Modeling, Simulation and Control of a set-up built to study flapping motion

As part of the Portwings project, the Robotics and Mechatronics group at the University of Twente developed a 2 degree of freedom flapping wing setup that is designed to be placed in a windtunnel. This setup is capable of providing real time force and torque information using an advanced sensor. Each axis is independently actuated using electronic motors. The goal of this setup is to deepen the understanding of the unsteady dynamics of flapping flight, which is currently not well understood.

With the creation of such a setup, the question remains how to control each axis to produce an efficient flapping behaviour. This report explores techniques that can be used to optimise such flapping behaviour in a model free way, using experience directly from the windtunnel setup.
Initial attempts at optimisation are made using an actor critic approach from reinforcement learning; here, problems are identified pertaining to reward sparsity, and effective ways encode policy constraints such that it produces a stable and flapping motion.

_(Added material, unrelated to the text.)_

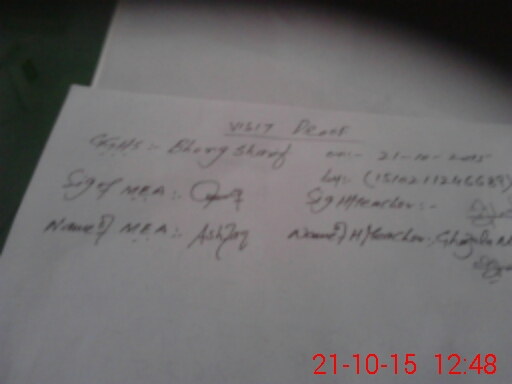 | Monitoring Date: 21-10-2015 | Start Time: 21-10-2015 12:01 PM | End Time: 21-10-2015 12:53 PM | Name of MEA: Mu**** As**** | |
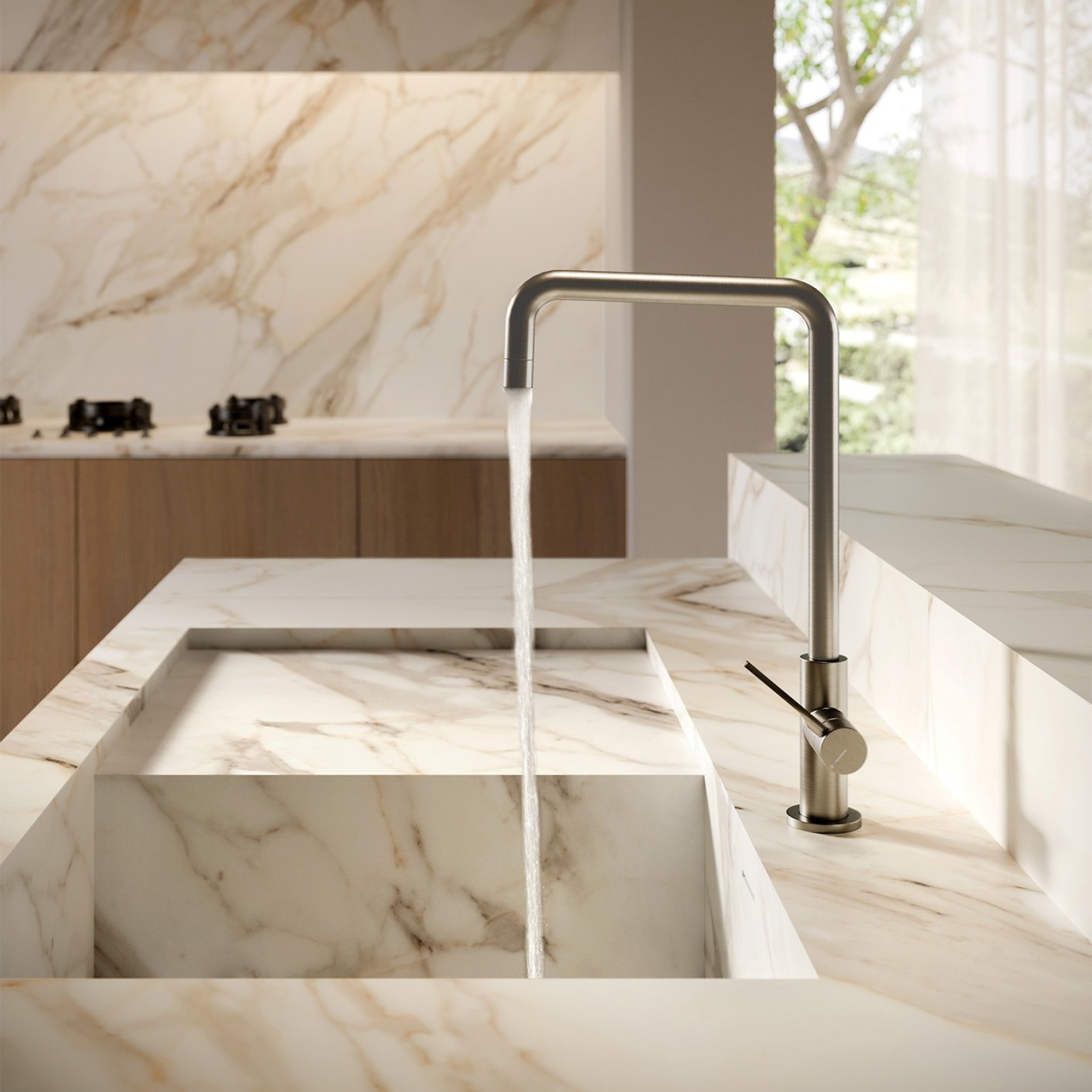 Bateria de bucătărie Newform Square are un gura de scurgere rotundă și rotativă. Cartușul ceramic oferă un control lin și precis al debitului de apă, garantând ani de funcționare fiabilă. Controlul cu o singură manetă permite reglarea rapidă și lină a debitului de apă cu o singură mână.

This inspires a redefinition of the policy in terms of the Fourier decomposition of a flapping trajectory; which automatically encodes the need of a periodic motion, and takes our problem away from the formal reinforcement learning definition and towards a conceptually simpler model free parameter optimisation. Optimisation over this policy is done using the actor critic structure from the original reinforcement learning problem. Experimentally it is shown that this algorithm works for simple reward functions, but that it struggles to optimise over more complicated rewards.